Given data below:
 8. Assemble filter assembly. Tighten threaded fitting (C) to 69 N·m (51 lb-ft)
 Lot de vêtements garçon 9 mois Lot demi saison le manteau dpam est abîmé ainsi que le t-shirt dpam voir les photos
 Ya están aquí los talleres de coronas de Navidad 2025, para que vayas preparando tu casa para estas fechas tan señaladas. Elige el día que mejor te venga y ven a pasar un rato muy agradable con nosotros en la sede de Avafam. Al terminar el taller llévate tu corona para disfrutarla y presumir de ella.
End of Given data.
Given data below:
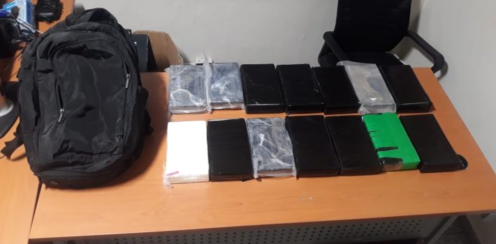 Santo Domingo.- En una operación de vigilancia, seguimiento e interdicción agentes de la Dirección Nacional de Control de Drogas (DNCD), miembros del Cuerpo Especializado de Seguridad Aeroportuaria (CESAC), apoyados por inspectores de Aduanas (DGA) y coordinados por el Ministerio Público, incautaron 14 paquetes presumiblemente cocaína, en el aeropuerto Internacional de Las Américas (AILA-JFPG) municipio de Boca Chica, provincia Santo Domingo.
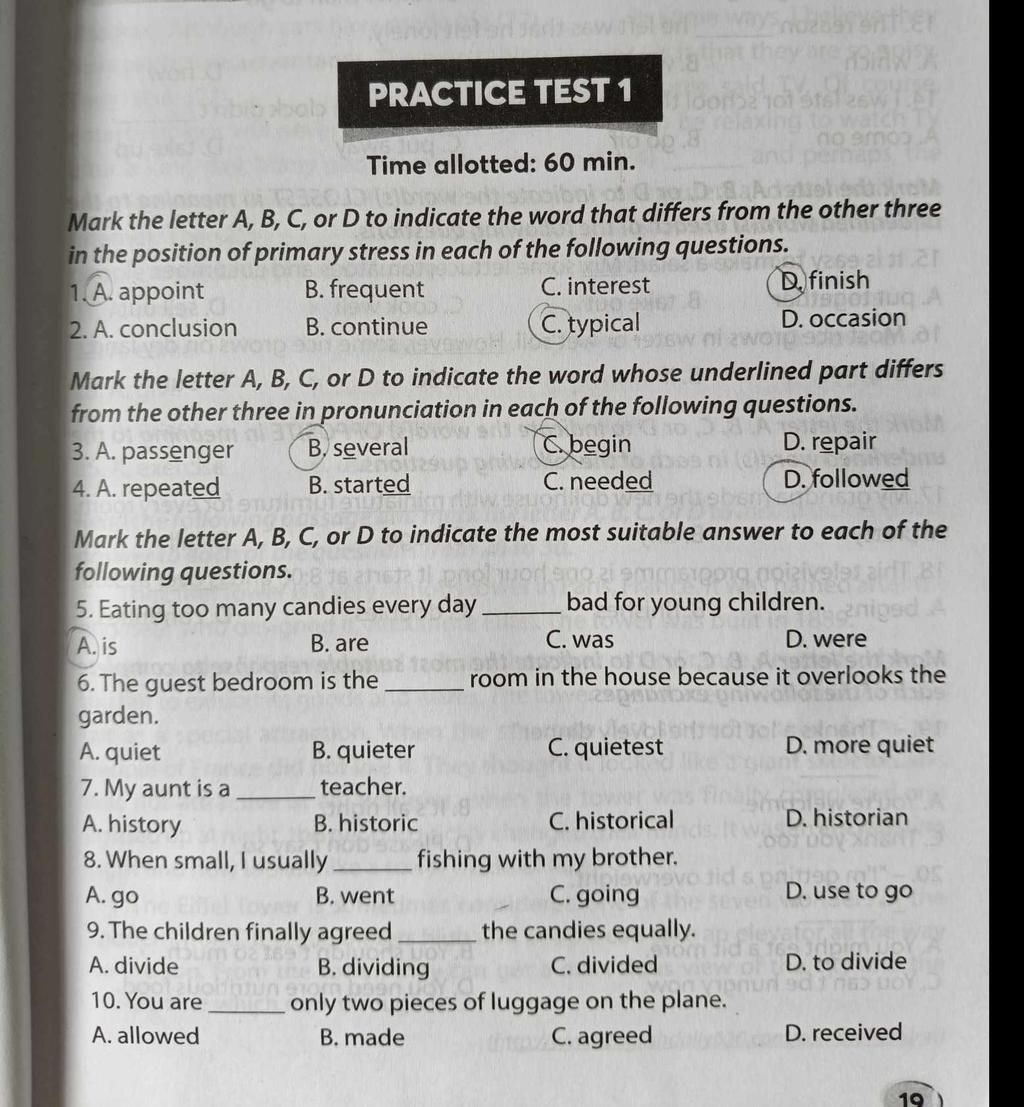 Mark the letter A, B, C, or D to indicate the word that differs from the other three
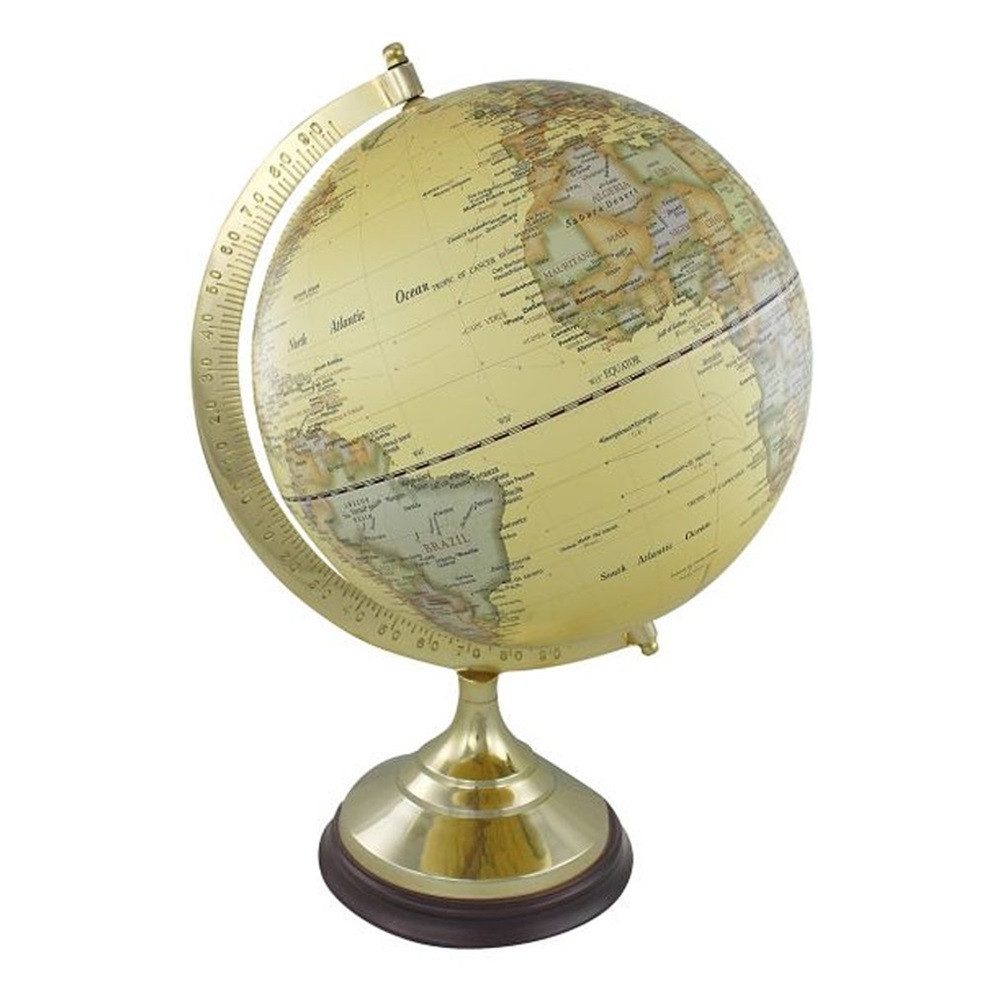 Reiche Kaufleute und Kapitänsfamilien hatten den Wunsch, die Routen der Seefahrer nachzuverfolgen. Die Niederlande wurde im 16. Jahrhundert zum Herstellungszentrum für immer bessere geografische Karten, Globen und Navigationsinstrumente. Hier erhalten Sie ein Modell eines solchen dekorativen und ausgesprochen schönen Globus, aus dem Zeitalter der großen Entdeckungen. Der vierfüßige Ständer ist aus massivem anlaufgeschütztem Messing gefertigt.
End of Given data.
### Your goal
Set down exactly the lines of the data above, beginning with the line that has "8. Assemble filter" and ending with the line that has "Ya están aquí", and no others.

### Result of the exercise
 8. Assemble filter assembly. Tighten threaded fitting (C) to 69 N·m (51 lb-ft)
 Lot de vêtements garçon 9 mois Lot demi saison le manteau dpam est abîmé ainsi que le t-shirt dpam voir les photos
 Ya están aquí los talleres de coronas de Navidad 2025, para que vayas preparando tu casa para estas fechas tan señaladas. Elige el día que mejor te venga y ven a pasar un rato muy agradable con nosotros en la sede de Avafam. Al terminar el taller llévate tu corona para disfrutarla y presumir de ella.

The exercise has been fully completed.